Despite winning a reluctant yea vote from the Cardiovascular and Renal Drugs Advisory Committee last month, Chelsea Therapeutics International Inc.'s neurogenic orthostatic hypotension (NOH) candidate Northera (droxidopa) failed to win FDA approval, sending shares of the Charlotte, N.C.-based firm falling 28.6 percent.

The stock (NASDAQ:CHTP) closed Thursday at $2.62, down $1.05.

Unsurprisingly, the FDA's complete response letter (CRL) requested data from an additional positive trial before it would consider approving Northera in NOH patients with primary autonomic failure due to conditions such as Parkinson's disease, multiple system atrophy and pure autonomic failure, dopamine beta hydroxylase deficiency and nondiabetic autonomic neuropathy. That same request had been expressed by FDA reviewers in briefing documents disclosed ahead of the advisory panel. (See BioWorld Today, Feb. 14, 2012.)

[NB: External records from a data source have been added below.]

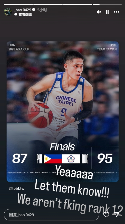 賽后,中國(guó)臺(tái)北男籃前鋒、綽號(hào)“寶島杜蘭特”的馬建豪更新社媒動(dòng)態(tài),曬出比賽海報(bào)(圖上人物是狂砍34分的陳盈駿),并寫(xiě)道:“是啊,讓他們知道?。?!我們TM不是第12名的水平?!?/p>
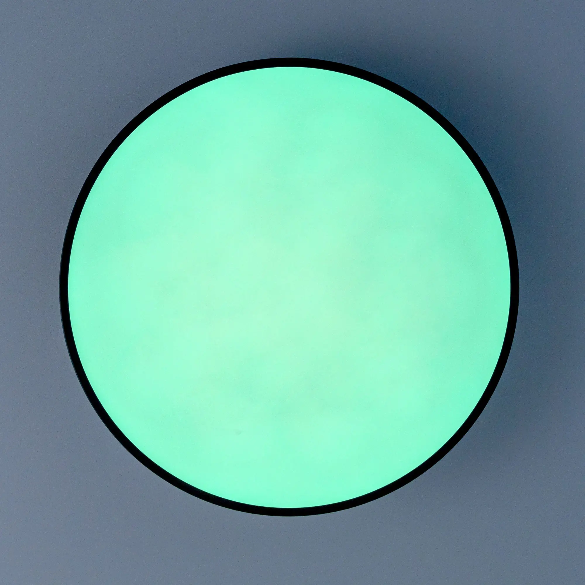 Светодиодный потолочный светильник Citilux Купер CL72470G1 с яркой цветной RGB подсветкой всего плафона. Корпус металлический, круглой формы, цвет чёрный матовый. Рассеиватель из оптического полимера. Мощность 70Вт, световой поток 5600Лм. С помощью пульта дистанционного управления доступна плавная регулировка яркости от 100 до 10%, управление цветовой температурой доступно в диапазоне от 3000К до 5500К, что позволяет настроить любые оттенки теплого, нейтрального или холодного света. Цветная RGB подсветка имеет различные режимы работы. Таймер - функция отсроченного на 20сек. выключения. Четыре кнопки памяти позволяют сохранить настроенные режимы работы и включать их пультом или обычным настенным выключателем. Подходит для всех типов потолков, в том числе натяжных. Тип крепления – через основание. Изделие комплектуется инфракрасным пультом ДУ, тип батареек ААА (батарейки в комплект не входят).,
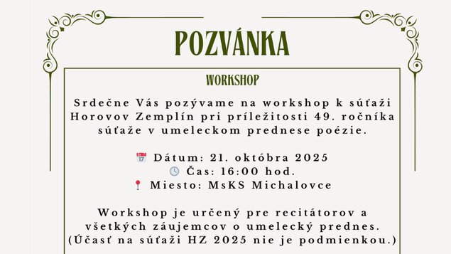 Srdečne Vás pozývame na workshop
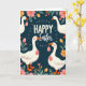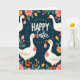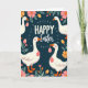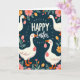 This design shows four stylized white birds arranged evenly around a central Easter greeting, their rosy cheeks and close spacing suggesting a sweet, friendly bond 🐇. They stand out against a deep teal background, with bright orange beaks and webbed feet adding a sunny touch. Two of the birds hold striped pastel egg shapes gently in their beaks, as if offering small gifts to one another, while the other two wear similar egg motifs on their bodies 🐰. A border of coral-pink and warm orange flowers, fresh green leaves, and small buds wraps the scene like a garden frame. The main text sits centered in the open space, with the larger words in white and a smaller line beneath in a lighter, softer tone for contrast. The lettering uses a simple rounded style paired with a flowing cursive accent, keeping the message easy to read while still feeling tender. Around the edges, the blossoms cluster in corners, with a few leaves pointing inward toward the birds and the centered greeting.
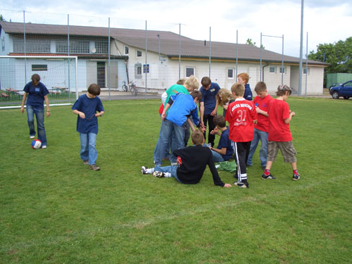 Im Anschluss ging die Schar in die Turnhalle, dort lernte man sich mit Spielen besser kennen. Beispielsweise mussten sich die Kinder und Jugendlichen im Alphabet des Vornamens aufreihen und viel Spaß hatten die Minis beim Menschen-Bingo. Auch bei der Erzählung einer Geschichte waren die Kids aktiv gefordert: Es kamen immer wieder Wörter wie z.B. Feuer, Wind und Wasser vor, bei denen die Teilnehmergruppen jeweils die Bewegungen nachmachen sollten. Das Mittagessen und die Bewirtung hatte freundlicherweise der FC Augsfeld übernommen, es gab reichlich Bratwürste, Laugenstangen und Getränke.

And the possibility of an additional trial was further discussed by the panel members during the Feb. 23 advisory meeting, though the 7-4 vote ultimately came down to the positive data from the Phase III 301 study and the lack of existing treatment options for NOH patients. (See BioWorld Today, Feb. 24, 2012.)

Northera, an orally active synthetic precursor of norepinephrine, has followed a bumpy development path in the U.S., though the active ingredient, droxidopa, has been marketed for more than 20 years in Japan for NOH, an orphan condition characterized by a sudden decrease in blood pressure when a person assumes a standing position, resulting in dizziness, blurred vision and fainting, which can lead to serious falls and injuries.

The only drug currently approved by the FDA for NOH is ProAmatine (midodrine, Shire plc), though another drug, corticosteroid Florinef (fludrocortisone) sometimes is used off label.

Results from Study 301, which was conducted under a special protocol assessment, were promising enough for the agency to consider granting approval based on a single positive efficacy trial, but the FDA noted that some subgroups – women, older patients, Parkinson's patients and U.S. patients – yielded "less persuasive results," Chelsea's CEO, Simon Pedder, told investors on a Thursday morning conference call.

Those data "undercut" overall results from the 301 study, he added, and the agency has asked for data from a new study designed to show durability of the drug's effect, ideally over a two- or three-month period.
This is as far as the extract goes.